Exercise instructions:
Restate word for word the lines below, from the one containing "上调 | $18.63 | $13.72 | 35.79% |" through the final line, with no pictures included.

Data shown:

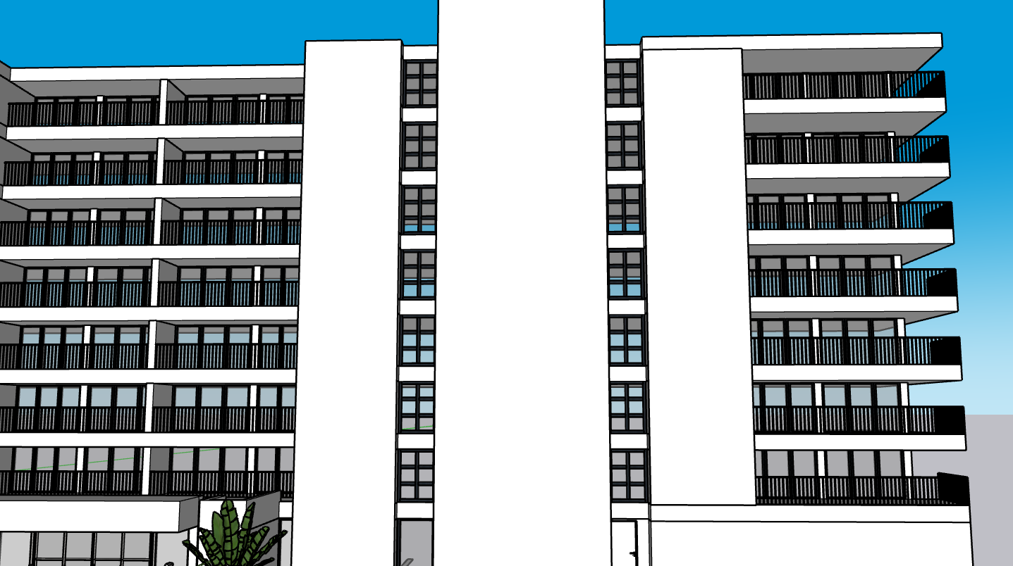 all windows have 6 glass panels from the second floor till the last floor and make the picture in day time so it is not that yellow and no neighbors
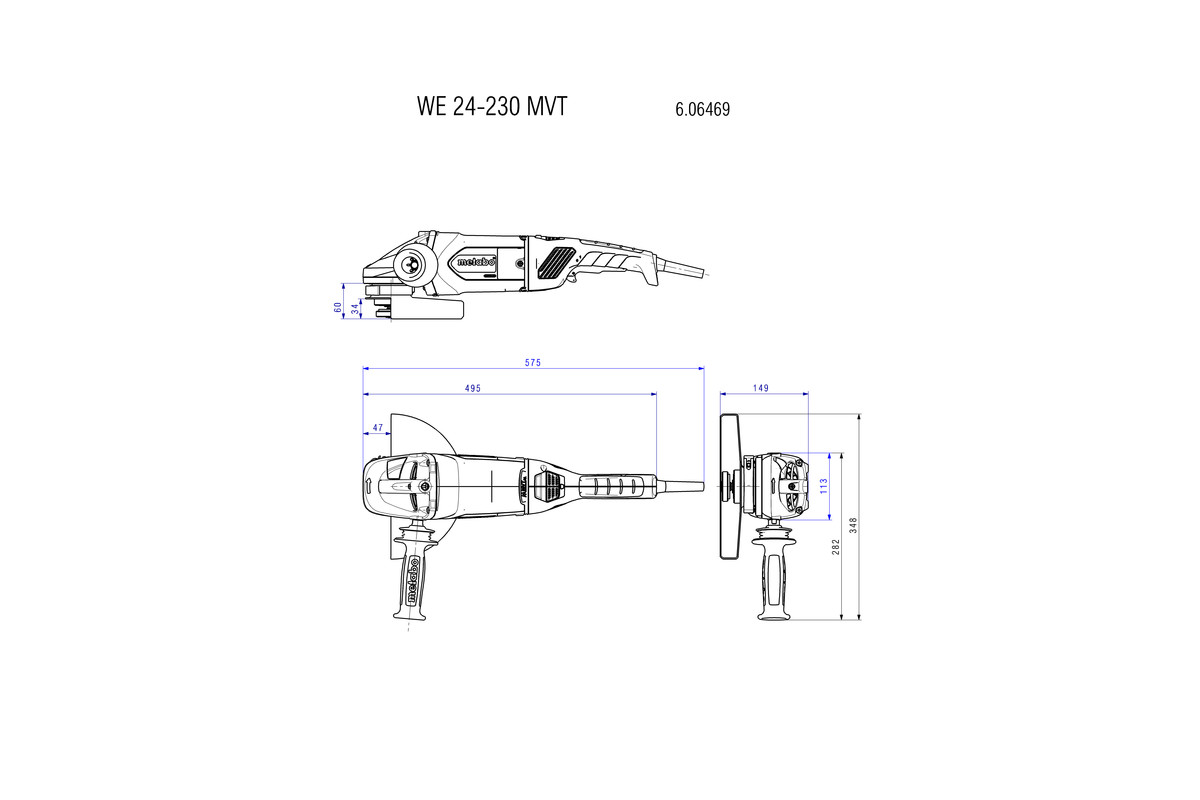 - Metabo VibraTech (MVT): integrated damping system and side handle to reduce vibrations in order to protect the user’s health
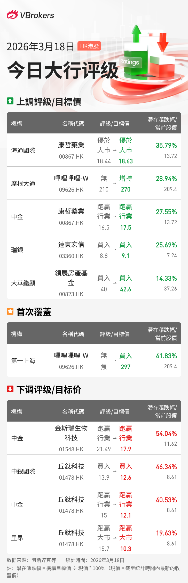 | 海通國際 | 康哲药业 | 00867.HK | 上调 | $18.63 | $13.72 | 35.79% |
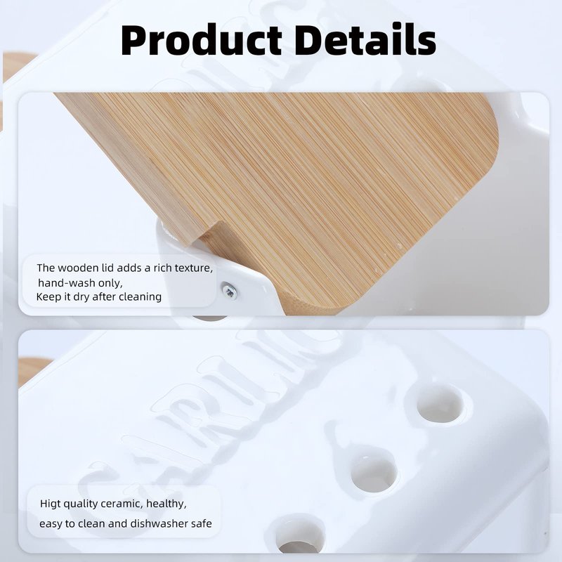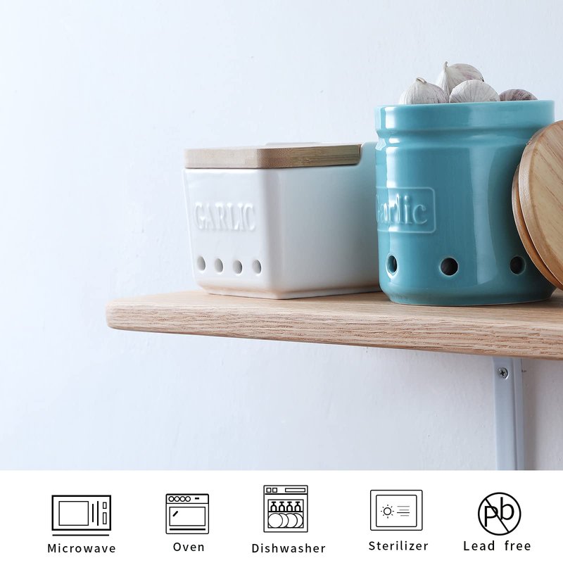 - 【Fashionable appearance】 -There are 4 holes on the porcelain, which can keep the garlic ventilated inside.

Result of the exercise:
 | 海通國際 | 康哲药业 | 00867.HK | 上调 | $18.63 | $13.72 | 35.79% |
 - 【Fashionable appearance】 -There are 4 holes on the porcelain, which can keep the garlic ventilated inside.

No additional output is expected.